• _Assignment_
An exact copy of every entry is needed, with no images.

╭─ Dataset

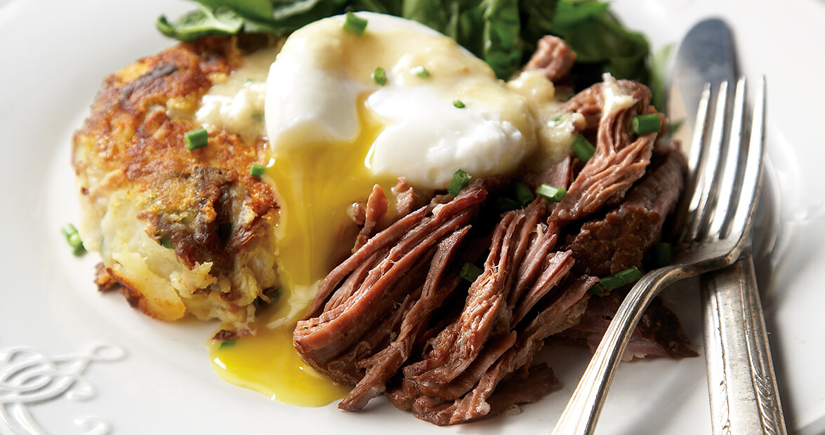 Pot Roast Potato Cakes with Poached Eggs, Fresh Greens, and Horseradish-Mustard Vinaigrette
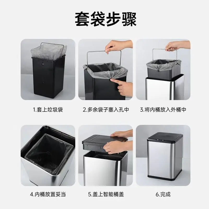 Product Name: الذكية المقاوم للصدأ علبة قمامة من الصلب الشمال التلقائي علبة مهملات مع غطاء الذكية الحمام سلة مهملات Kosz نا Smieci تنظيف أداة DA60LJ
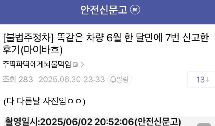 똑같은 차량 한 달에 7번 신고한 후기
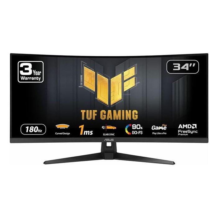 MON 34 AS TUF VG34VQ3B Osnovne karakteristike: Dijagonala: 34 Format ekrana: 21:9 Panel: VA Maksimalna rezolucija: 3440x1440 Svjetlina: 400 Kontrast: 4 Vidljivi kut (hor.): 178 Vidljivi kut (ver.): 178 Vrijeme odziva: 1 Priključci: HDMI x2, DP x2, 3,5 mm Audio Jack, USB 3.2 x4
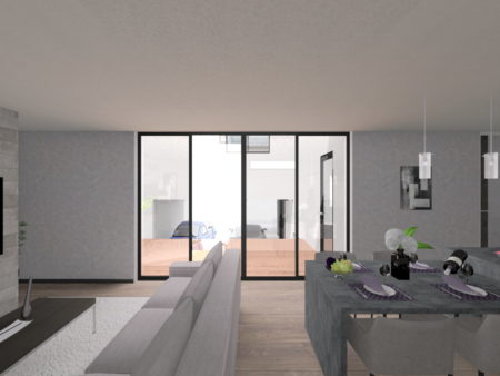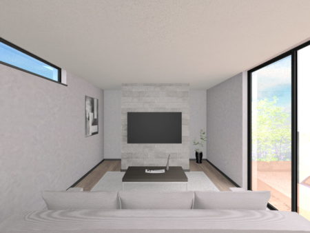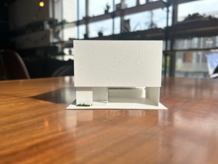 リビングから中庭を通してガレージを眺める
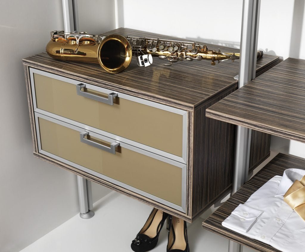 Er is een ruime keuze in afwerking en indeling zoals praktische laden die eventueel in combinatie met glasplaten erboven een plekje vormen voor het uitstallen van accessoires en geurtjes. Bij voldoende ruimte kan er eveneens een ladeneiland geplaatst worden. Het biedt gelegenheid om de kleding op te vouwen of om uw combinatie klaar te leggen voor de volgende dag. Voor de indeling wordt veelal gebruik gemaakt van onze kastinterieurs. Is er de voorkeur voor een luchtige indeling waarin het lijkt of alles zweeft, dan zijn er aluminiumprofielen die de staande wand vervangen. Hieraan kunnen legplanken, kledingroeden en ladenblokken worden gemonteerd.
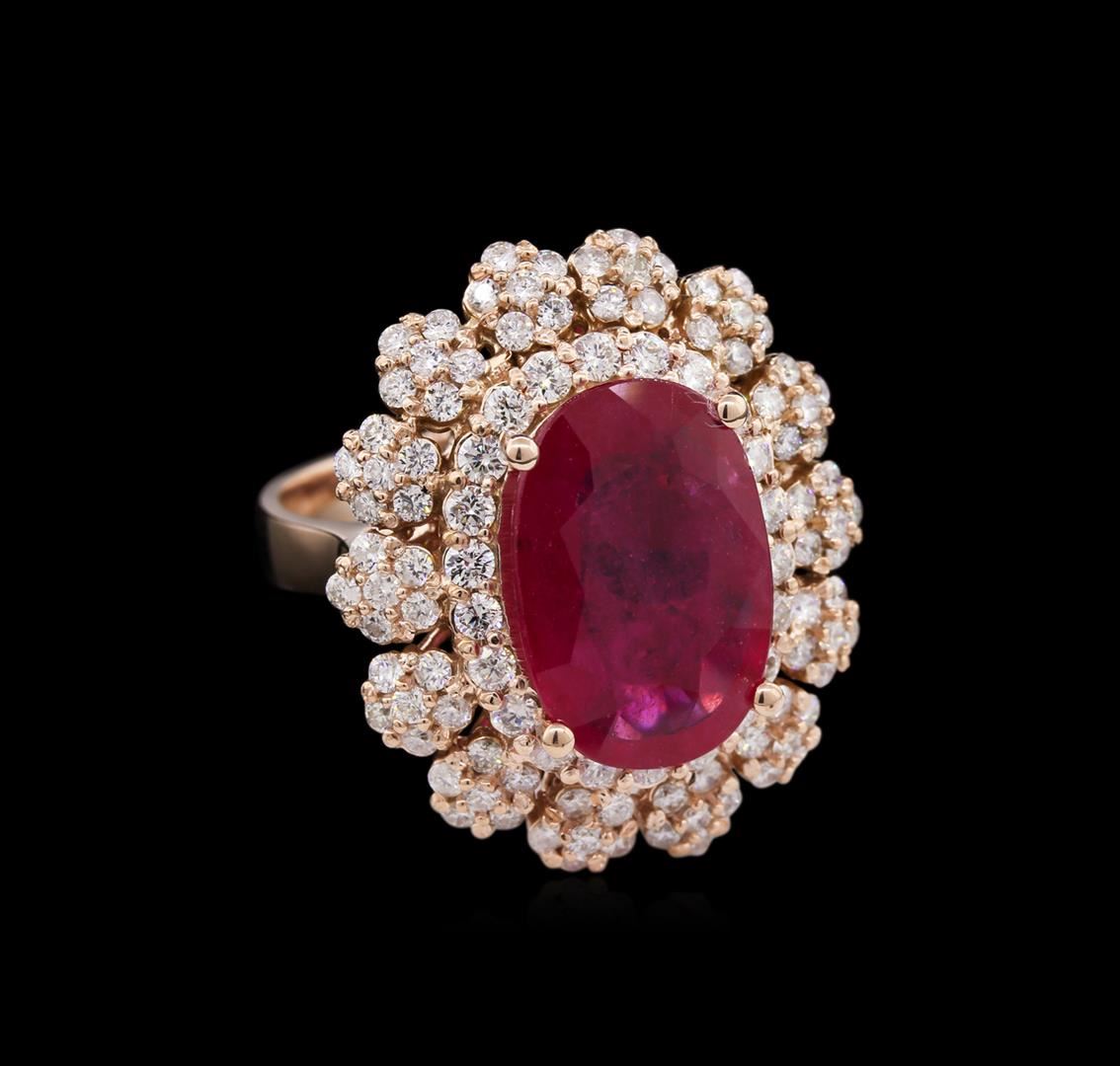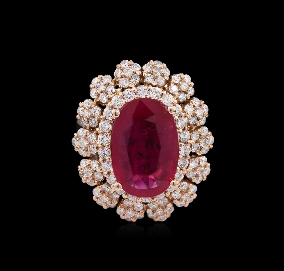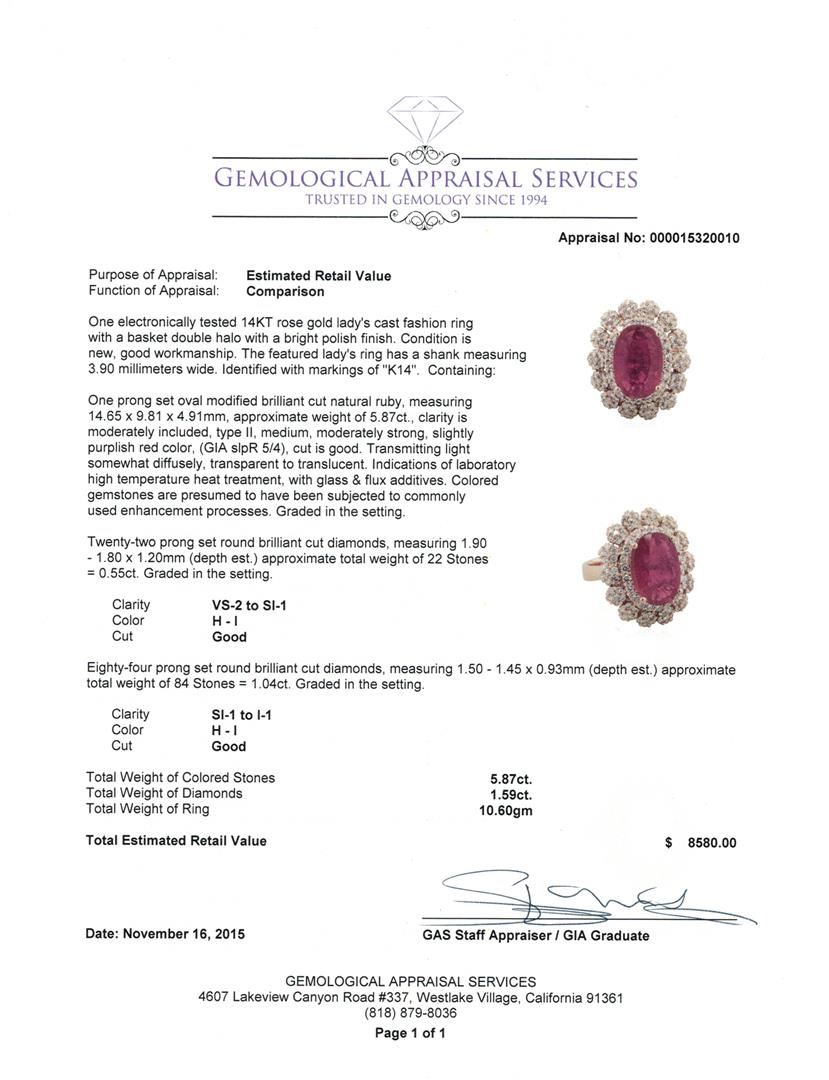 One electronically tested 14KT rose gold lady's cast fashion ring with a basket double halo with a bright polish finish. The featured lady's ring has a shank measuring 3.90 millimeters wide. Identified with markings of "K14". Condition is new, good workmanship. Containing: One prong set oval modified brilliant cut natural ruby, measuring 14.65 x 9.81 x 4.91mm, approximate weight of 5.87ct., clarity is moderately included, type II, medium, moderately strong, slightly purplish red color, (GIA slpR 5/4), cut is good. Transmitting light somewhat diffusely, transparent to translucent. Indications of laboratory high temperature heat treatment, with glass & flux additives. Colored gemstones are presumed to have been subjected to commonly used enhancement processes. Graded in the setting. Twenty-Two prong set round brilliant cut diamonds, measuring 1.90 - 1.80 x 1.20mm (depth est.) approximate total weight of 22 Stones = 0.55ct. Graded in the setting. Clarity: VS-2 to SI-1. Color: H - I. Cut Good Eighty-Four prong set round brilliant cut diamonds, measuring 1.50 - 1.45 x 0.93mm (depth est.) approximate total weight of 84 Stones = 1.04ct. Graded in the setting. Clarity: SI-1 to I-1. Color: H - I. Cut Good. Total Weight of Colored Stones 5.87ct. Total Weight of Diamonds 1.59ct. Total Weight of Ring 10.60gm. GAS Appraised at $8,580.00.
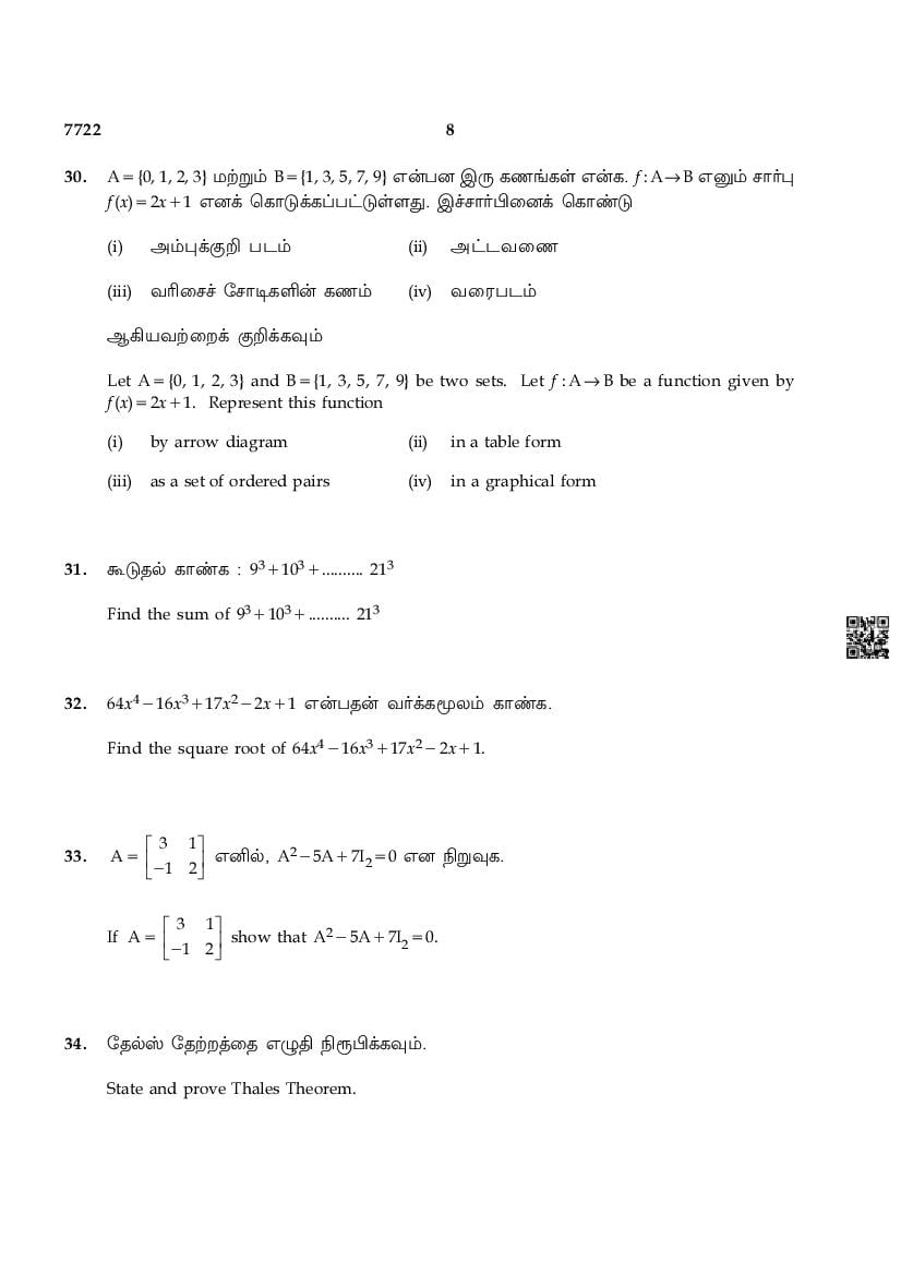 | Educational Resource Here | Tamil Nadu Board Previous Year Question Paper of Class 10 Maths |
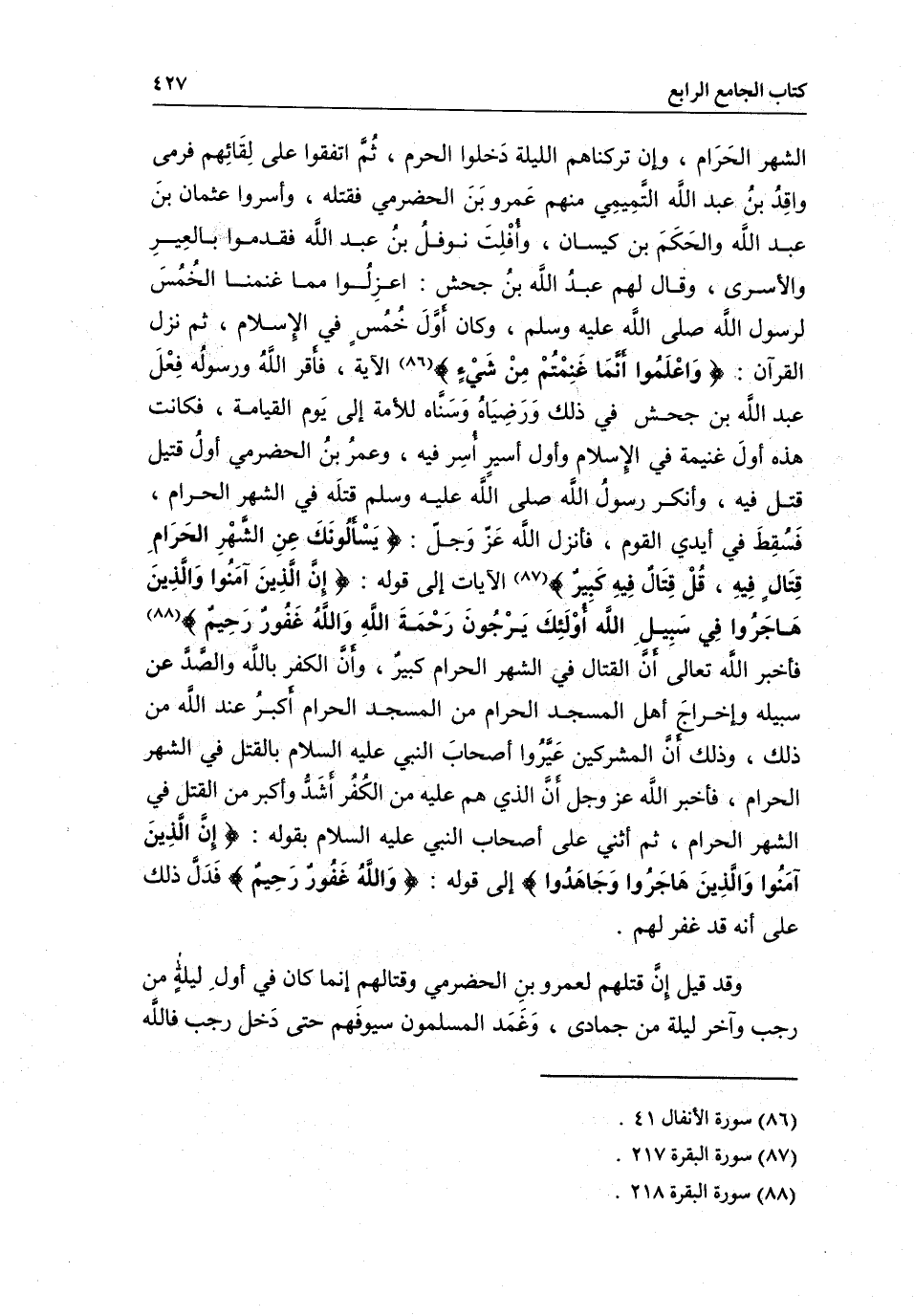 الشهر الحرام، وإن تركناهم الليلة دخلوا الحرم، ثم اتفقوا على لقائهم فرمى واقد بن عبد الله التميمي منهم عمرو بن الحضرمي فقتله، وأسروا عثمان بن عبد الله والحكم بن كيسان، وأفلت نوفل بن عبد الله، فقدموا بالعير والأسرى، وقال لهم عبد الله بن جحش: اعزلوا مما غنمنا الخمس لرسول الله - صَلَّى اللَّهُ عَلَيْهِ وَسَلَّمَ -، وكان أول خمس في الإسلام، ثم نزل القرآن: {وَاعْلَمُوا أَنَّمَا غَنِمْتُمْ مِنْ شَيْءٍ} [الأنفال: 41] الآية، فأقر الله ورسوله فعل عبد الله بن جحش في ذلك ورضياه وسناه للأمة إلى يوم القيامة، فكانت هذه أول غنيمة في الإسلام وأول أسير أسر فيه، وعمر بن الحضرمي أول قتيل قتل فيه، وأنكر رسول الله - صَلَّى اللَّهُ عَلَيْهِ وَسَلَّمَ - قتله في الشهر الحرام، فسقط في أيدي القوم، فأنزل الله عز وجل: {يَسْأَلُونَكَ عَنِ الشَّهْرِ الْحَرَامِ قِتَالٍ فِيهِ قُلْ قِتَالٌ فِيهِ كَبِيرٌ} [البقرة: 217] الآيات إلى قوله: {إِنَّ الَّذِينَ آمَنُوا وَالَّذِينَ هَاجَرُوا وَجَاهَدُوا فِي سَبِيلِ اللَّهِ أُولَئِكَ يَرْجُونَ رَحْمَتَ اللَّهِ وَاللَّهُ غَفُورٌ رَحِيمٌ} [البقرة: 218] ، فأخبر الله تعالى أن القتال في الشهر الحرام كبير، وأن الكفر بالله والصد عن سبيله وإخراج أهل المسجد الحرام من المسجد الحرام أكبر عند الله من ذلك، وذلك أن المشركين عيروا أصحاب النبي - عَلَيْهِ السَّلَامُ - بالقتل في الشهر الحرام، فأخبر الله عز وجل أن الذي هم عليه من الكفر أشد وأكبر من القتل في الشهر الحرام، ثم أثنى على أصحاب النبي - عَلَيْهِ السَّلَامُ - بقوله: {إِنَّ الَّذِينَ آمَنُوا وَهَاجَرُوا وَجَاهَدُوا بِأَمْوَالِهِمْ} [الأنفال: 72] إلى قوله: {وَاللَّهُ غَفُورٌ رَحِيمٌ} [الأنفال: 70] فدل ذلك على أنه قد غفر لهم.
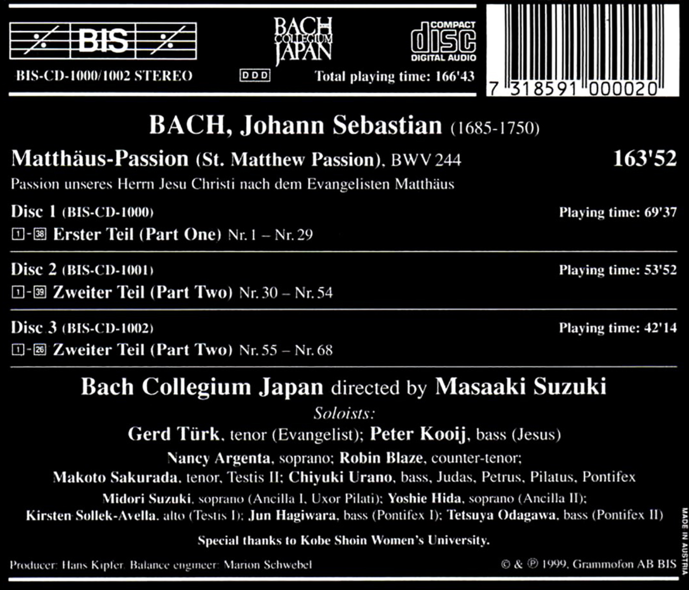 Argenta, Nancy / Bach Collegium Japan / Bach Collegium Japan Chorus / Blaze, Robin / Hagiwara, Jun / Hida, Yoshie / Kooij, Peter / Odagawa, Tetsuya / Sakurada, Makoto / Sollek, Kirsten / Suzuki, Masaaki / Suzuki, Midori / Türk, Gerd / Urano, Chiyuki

╰─

• _Task solution_
 Pot Roast Potato Cakes with Poached Eggs, Fresh Greens, and Horseradish-Mustard Vinaigrette
 Product Name: الذكية المقاوم للصدأ علبة قمامة من الصلب الشمال التلقائي علبة مهملات مع غطاء الذكية الحمام سلة مهملات Kosz نا Smieci تنظيف أداة DA60LJ
 똑같은 차량 한 달에 7번 신고한 후기
 MON 34 AS TUF VG34VQ3B Osnovne karakteristike: Dijagonala: 34 Format ekrana: 21:9 Panel: VA Maksimalna rezolucija: 3440x1440 Svjetlina: 400 Kontrast: 4 Vidljivi kut (hor.): 178 Vidljivi kut (ver.): 178 Vrijeme odziva: 1 Priključci: HDMI x2, DP x2, 3,5 mm Audio Jack, USB 3.2 x4
 リビングから中庭を通してガレージを眺める
 Er is een ruime keuze in afwerking en indeling zoals praktische laden die eventueel in combinatie met glasplaten erboven een plekje vormen voor het uitstallen van accessoires en geurtjes. Bij voldoende ruimte kan er eveneens een ladeneiland geplaatst worden. Het biedt gelegenheid om de kleding op te vouwen of om uw combinatie klaar te leggen voor de volgende dag. Voor de indeling wordt veelal gebruik gemaakt van onze kastinterieurs. Is er de voorkeur voor een luchtige indeling waarin het lijkt of alles zweeft, dan zijn er aluminiumprofielen die de staande wand vervangen. Hieraan kunnen legplanken, kledingroeden en ladenblokken worden gemonteerd.
 One electronically tested 14KT rose gold lady's cast fashion ring with a basket double halo with a bright polish finish. The featured lady's ring has a shank measuring 3.90 millimeters wide. Identified with markings of "K14". Condition is new, good workmanship. Containing: One prong set oval modified brilliant cut natural ruby, measuring 14.65 x 9.81 x 4.91mm, approximate weight of 5.87ct., clarity is moderately included, type II, medium, moderately strong, slightly purplish red color, (GIA slpR 5/4), cut is good. Transmitting light somewhat diffusely, transparent to translucent. Indications of laboratory high temperature heat treatment, with glass & flux additives. Colored gemstones are presumed to have been subjected to commonly used enhancement processes. Graded in the setting. Twenty-Two prong set round brilliant cut diamonds, measuring 1.90 - 1.80 x 1.20mm (depth est.) approximate total weight of 22 Stones = 0.55ct. Graded in the setting. Clarity: VS-2 to SI-1. Color: H - I. Cut Good Eighty-Four prong set round brilliant cut diamonds, measuring 1.50 - 1.45 x 0.93mm (depth est.) approximate total weight of 84 Stones = 1.04ct. Graded in the setting. Clarity: SI-1 to I-1. Color: H - I. Cut Good. Total Weight of Colored Stones 5.87ct. Total Weight of Diamonds 1.59ct. Total Weight of Ring 10.60gm. GAS Appraised at $8,580.00.
 | Educational Resource Here | Tamil Nadu Board Previous Year Question Paper of Class 10 Maths |
 الشهر الحرام، وإن تركناهم الليلة دخلوا الحرم، ثم اتفقوا على لقائهم فرمى واقد بن عبد الله التميمي منهم عمرو بن الحضرمي فقتله، وأسروا عثمان بن عبد الله والحكم بن كيسان، وأفلت نوفل بن عبد الله، فقدموا بالعير والأسرى، وقال لهم عبد الله بن جحش: اعزلوا مما غنمنا الخمس لرسول الله - صَلَّى اللَّهُ عَلَيْهِ وَسَلَّمَ -، وكان أول خمس في الإسلام، ثم نزل القرآن: {وَاعْلَمُوا أَنَّمَا غَنِمْتُمْ مِنْ شَيْءٍ} [الأنفال: 41] الآية، فأقر الله ورسوله فعل عبد الله بن جحش في ذلك ورضياه وسناه للأمة إلى يوم القيامة، فكانت هذه أول غنيمة في الإسلام وأول أسير أسر فيه، وعمر بن الحضرمي أول قتيل قتل فيه، وأنكر رسول الله - صَلَّى اللَّهُ عَلَيْهِ وَسَلَّمَ - قتله في الشهر الحرام، فسقط في أيدي القوم، فأنزل الله عز وجل: {يَسْأَلُونَكَ عَنِ الشَّهْرِ الْحَرَامِ قِتَالٍ فِيهِ قُلْ قِتَالٌ فِيهِ كَبِيرٌ} [البقرة: 217] الآيات إلى قوله: {إِنَّ الَّذِينَ آمَنُوا وَالَّذِينَ هَاجَرُوا وَجَاهَدُوا فِي سَبِيلِ اللَّهِ أُولَئِكَ يَرْجُونَ رَحْمَتَ اللَّهِ وَاللَّهُ غَفُورٌ رَحِيمٌ} [البقرة: 218] ، فأخبر الله تعالى أن القتال في الشهر الحرام كبير، وأن الكفر بالله والصد عن سبيله وإخراج أهل المسجد الحرام من المسجد الحرام أكبر عند الله من ذلك، وذلك أن المشركين عيروا أصحاب النبي - عَلَيْهِ السَّلَامُ - بالقتل في الشهر الحرام، فأخبر الله عز وجل أن الذي هم عليه من الكفر أشد وأكبر من القتل في الشهر الحرام، ثم أثنى على أصحاب النبي - عَلَيْهِ السَّلَامُ - بقوله: {إِنَّ الَّذِينَ آمَنُوا وَهَاجَرُوا وَجَاهَدُوا بِأَمْوَالِهِمْ} [الأنفال: 72] إلى قوله: {وَاللَّهُ غَفُورٌ رَحِيمٌ} [الأنفال: 70] فدل ذلك على أنه قد غفر لهم.
 Argenta, Nancy / Bach Collegium Japan / Bach Collegium Japan Chorus / Blaze, Robin / Hagiwara, Jun / Hida, Yoshie / Kooij, Peter / Odagawa, Tetsuya / Sakurada, Makoto / Sollek, Kirsten / Suzuki, Masaaki / Suzuki, Midori / Türk, Gerd / Urano, Chiyuki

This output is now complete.